I heard a scramble and a thud. I opened the kitchen blind and looked into the garden, only to see a naked woman running through my rose bushes. Well, the poor thing was going to leave the cottage with her legs all scratched up from the thorns.
“Was that your mistress?” I asked, because of course James had a mistress. We had not been intimate for ages, and he was, after all, a red-blooded man. He had told me as much when I had caught him cheating with my best friend two weeks before our wedding. Then I had been so desperate to save face in front of my mother that I had gone through with the marriage.
But my mother was gone now—had died ten years ago—and yet I was still married. And miserable. And maybe I didn’t have to be either. Maybe I could be single and happy. The thought had never occurred to me until I stood in that kitchen, among the shards and leaves of a broken, fake potted plant, watching a naked woman run down the road.
“I can explain,” James said. He reached into the cookie jar and popped a sizeable cookie into his mouth.
“Would you boil the jug?” I replied.
He swallowed loudly. “Er, would I boil the jug?”
“Yes. I’d like a nice cup of tea while we discuss our divorce.”
He scratched his arm. “Jennifer, it doesn’t mean anything to me.”
“What doesn’t mean anything to you?”
“Her.” His face flushed as red as the belly on a venomous Red-bellied Black Snake.
“And she is?”
He coughed. “Luella.”
“Oh. The cow who works at the supermarket,” I said. I had never called anyone names. It felt delightful. “Well, I expect that’s why she always overcharges me for pears.”
“And apples.”
“And apples. Yes, James. Thank you.”
“Let’s
not do anything hasty.”
“I’d like a bagel too, if you wouldn’t mind running to the bakery.” I patted my stomach. I hadn’t eaten carbs in fifteen years, and just look where that had got me! “Make that seven bagels.”
“Jennifer.” James raked a hand through his beautiful hair.
“Well,” I said. “You had better get dressed and get going.

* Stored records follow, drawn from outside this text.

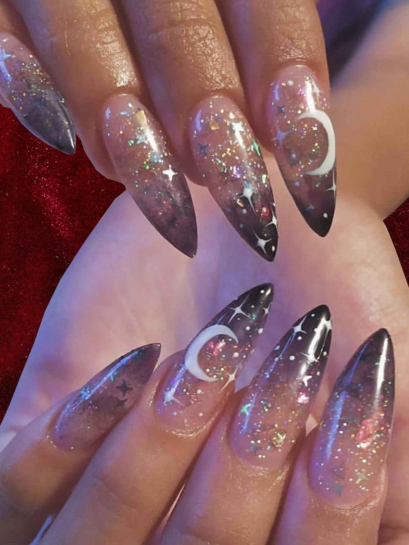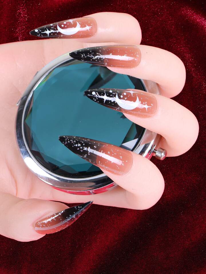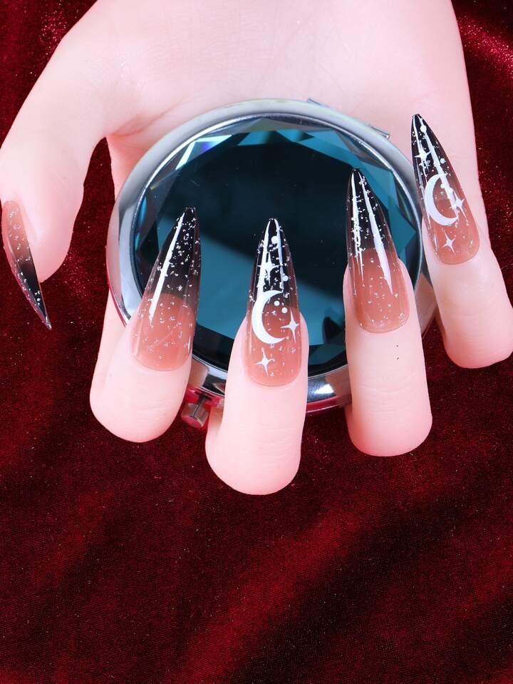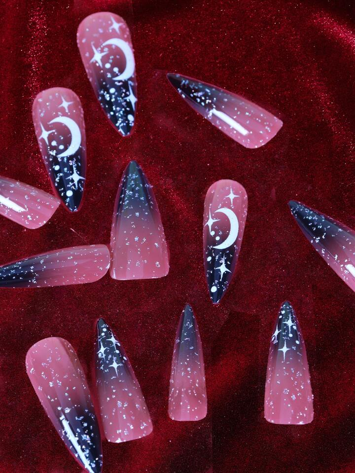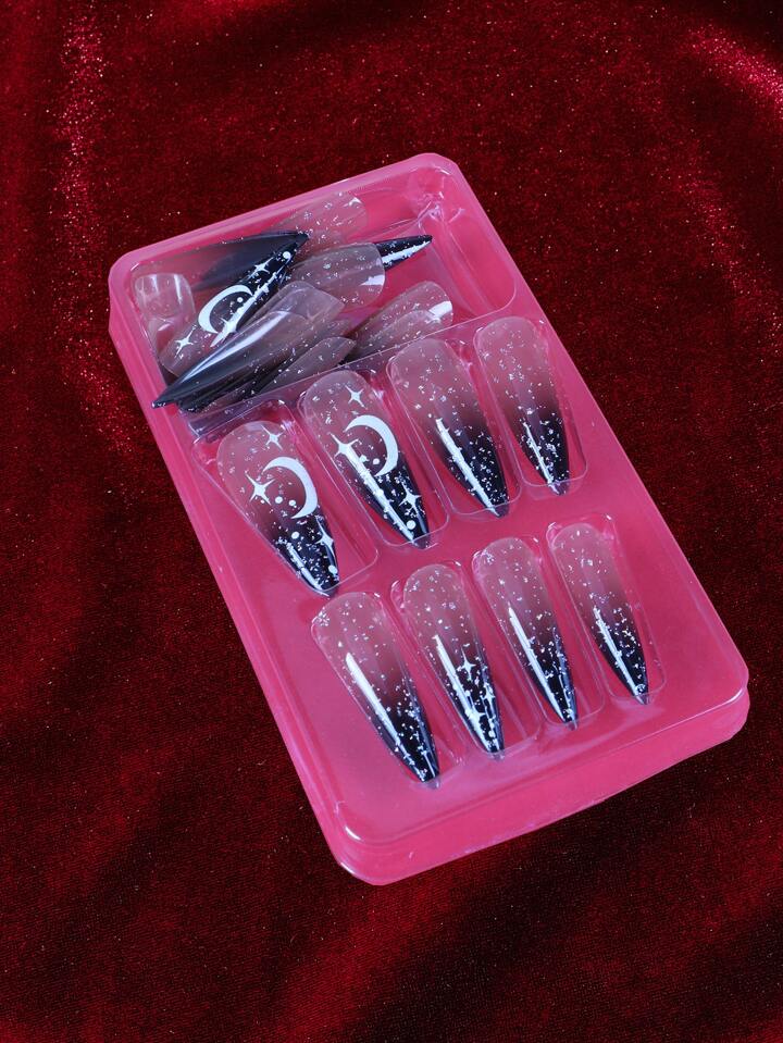 أظافر اصطناعية طويل خنجر نمط قمر ونجم 24 قطعة و شريط ورقة واحدة
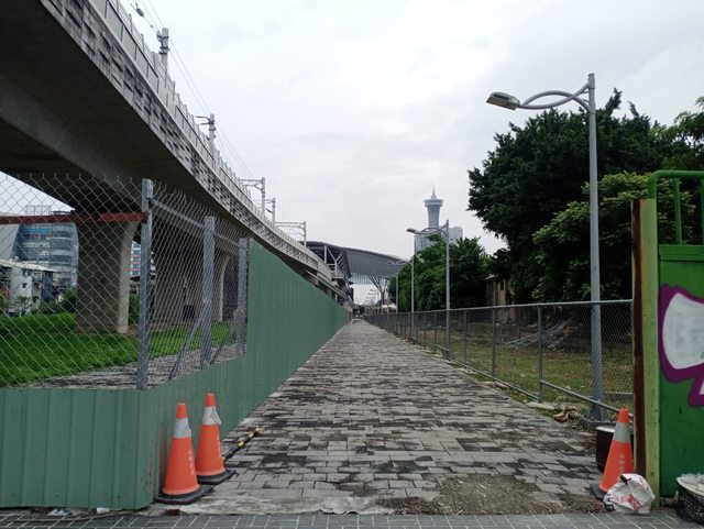 路廊便道周邊的雜草也清理過,不過此段路廊便道不在高架鐵道正下方,遮蔭效果待考驗(
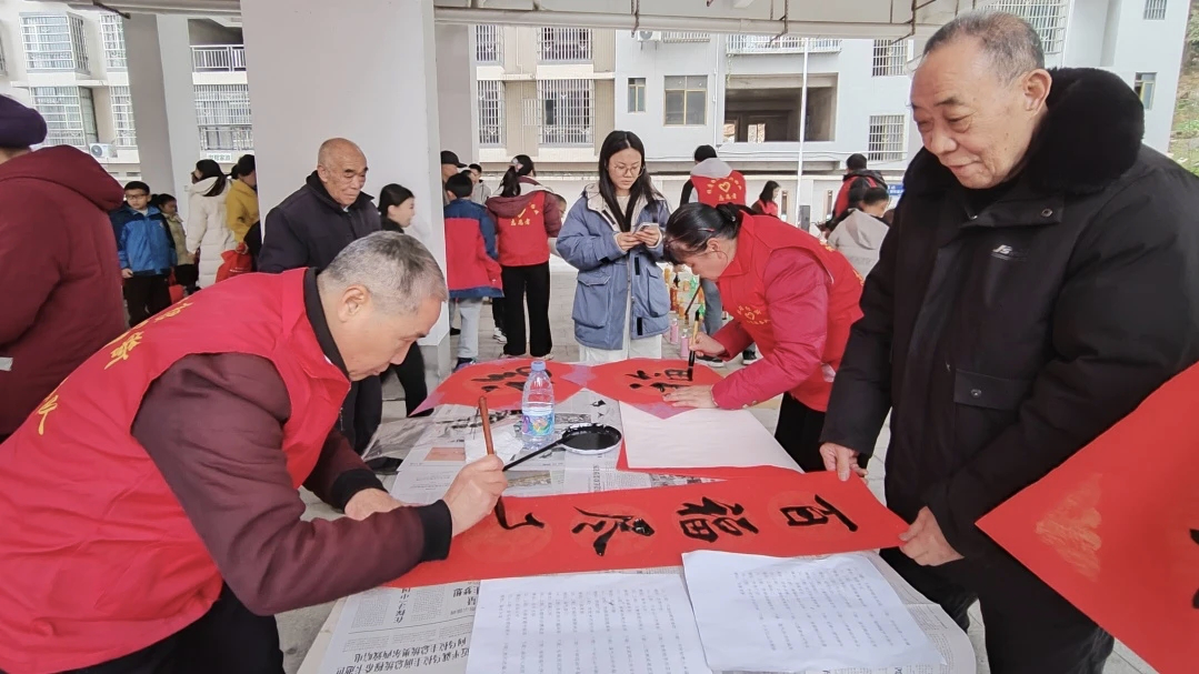 依托社区党群服务中心和小区阵地,组织有书法特长的老干部志愿者走进凯旋门广场、金御华府等小区,开展“迎新春·写春联·送祝福”活动。活动现场气氛热烈,群众纷纷前来领取春联和“福”字。志愿者挥毫泼墨,一副副寓意吉祥的春联传递着新春祝福,不仅弘扬了中华优秀传统文化,也增强了社区凝聚力,推动志愿服务向居民身边延伸,促进邻里互动交流。
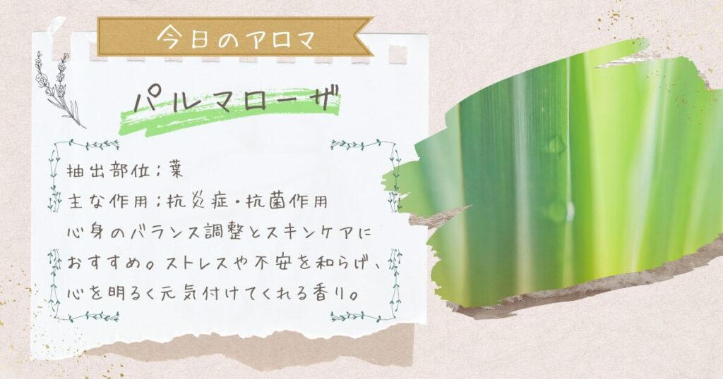 今日のおすすめアロマは、パルマローザです。
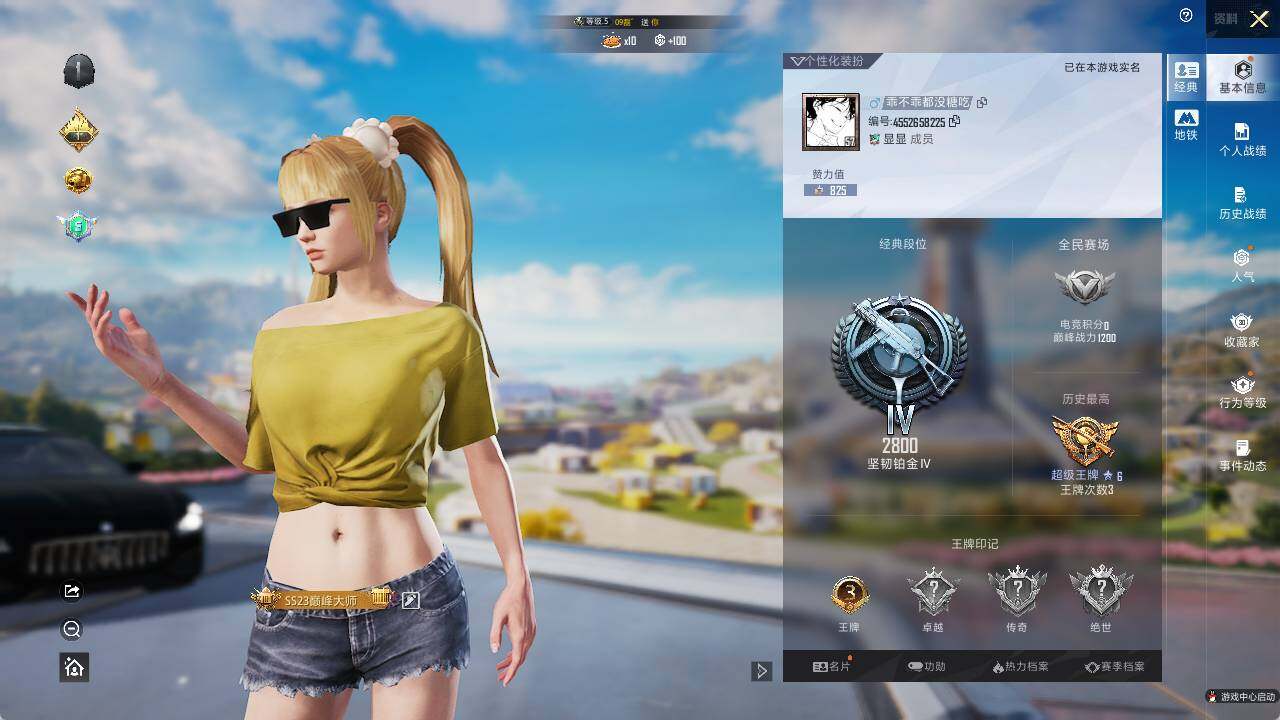 - [11605334]1红装 3粉装 6特效枪 1载具 7印记 可二次 可修改实名 身法装备:都市猎人,暗影哥特(红眼罩) 三级神装:三级辉羽雀灵-初翊 热门装扮:樱桃泡泡,星穹咏叹调,莲影清波,鹰眼刺客,深海小丑鱼,都市猎人 载具:辉羽雀灵自行车 稀有枪皮:AUG-暖羊咩咩,Kar98K-巳巳如意,Mk14精灵梦叶罗丽,MG3-辉羽雀灵,M416五爪金龙,SCAR-L纯梦嫁纱 神级装扮:辉羽雀灵-初翊 七级特效枪:七级SCAR-L-纯梦嫁纱 六级特效枪:六级M416-五爪金龙 五级特效枪:五级Mk14-精灵梦叶罗丽,五级Kar98K-巳巳如意,五级AUG-暖羊咩咩 三级特效枪:三级MG3-辉羽雀灵 紫色装扮:熠彩粉晶,轻风白浪,SS22特训,萌趣咩咩,SS20特训,SS21特训,娇憨猪猪,幻彩翩翩,SS30特训套装,妙红点点,SS23特训,霓虹热舞,SS31特训套装,云朵鹅,彩虹兔,雪绒豹,SS33特训套装,青涩时光,顶瓜瓜,飞驰魅影,SS18特训,音速流光,SS19特训,异彩先驱,瑞龙福将,团圆交子,蓝色运动,迎春赐吉,都市漫游者,空投萌叽,耀眼新星,长空猛禽,冰河战士,龙魂突击队,蝶变,香桃花海,龟仙人,蓝海鲸歌,霓虹极客,龙的传人,魅力单车,麻辣教官,黄色运动,黎明保卫者,黑色伏地魔,暗金炫舞,柠萌假日,冷焰舞者,夏日音浪,甜蜜告白,甜蜜熊情侣,牛气满满,灰色格斗者,炫蓝之夏,热血青春,湖畔霞光,雏菊兔兔,萝兰蝴蝶,SS29特训,银尘,纯真浪花,热情海星,曼妙人鱼,SS28特训,卖崽青蛙,燕燕于飞,暗影哥特(红眼罩),异域银装,鱼渊荷华,巳巳如意,森林游猎者,海琴烟,星途旅人,竞技名士,街头风暴,惊鸿侠骨,SS25特训,神气柴柴,懵萌河马,SS24特训(SS24特训套装),锦衣飞扬,金戈铁马,SS27特训,粉红小猪,浪漫天命,云霞荷露,SS26特训,星渊小夜曲,大橘大利,星影赞美诗,小鸟芋圆,樱梦幻音,粉恋花,蓝冰羽,紫幽梦,SS32特训服(SS32特训套装),春日漫步,绯格组合,恋语绒绒,纯白跃动,智谋强哥,晶辉守护,白辉玉蕊,漫步者,冰冻风暴,光之冒险 优质战备:精灵梦叶罗丽降落伞,江南烟雨降落伞,金丰海韵降落伞,庄周梦蝶降落伞,星途旅人降落伞,辉羽雀灵降落伞,雀灵庇佑飞行器,晶梦幻蝶降落伞,幻海仙踪降落伞,幻彩电音降落伞,智耀战神降落伞,圣域龙灵降落伞,圣域金龙飞行器,飞行

Bagels do not fetch themselves.”
His mouth dropped open. “I—are you—you’re not serious about a divorce, are you? You can’t throw away everything we have over one mistake.”
I thought for a moment. “Do you think I have developed superpowers?”
James looked at me in disbelief. Then he said, in a voice as confused as it was quiet, “Menopause! It really does send women mad.”
And then he dropped dead.
2
For a moment I stood there, frozen to the spot. It seemed so surreal. I bent down and felt for a pulse, but there wasn't one. I wasn’t surprised—somehow, I knew he was gone. In a robotic manner, I opened my handbag, pulled out my phone, and called 000. Later, I couldn't remember what I'd said, but a calming, female voice told me an ambulance was on its way.
The ambulance station was less than ten minutes from my house, and the paramedics turned up precisely ten minutes later. I waited in the garden, stroking the neighbour's cat. Had James had a heart attack? Or maybe a sudden stroke?
A paramedic walked out and patted me on my arm. "Mrs Smothering," she said in soothing tones, "is there somebody I can call?"
"Call?" I repeated. "What do you mean?"
"A friend, a relative?"
"I see." I nodded slowly. "Is he dead?"
"I'm afraid so. What was his medical history?"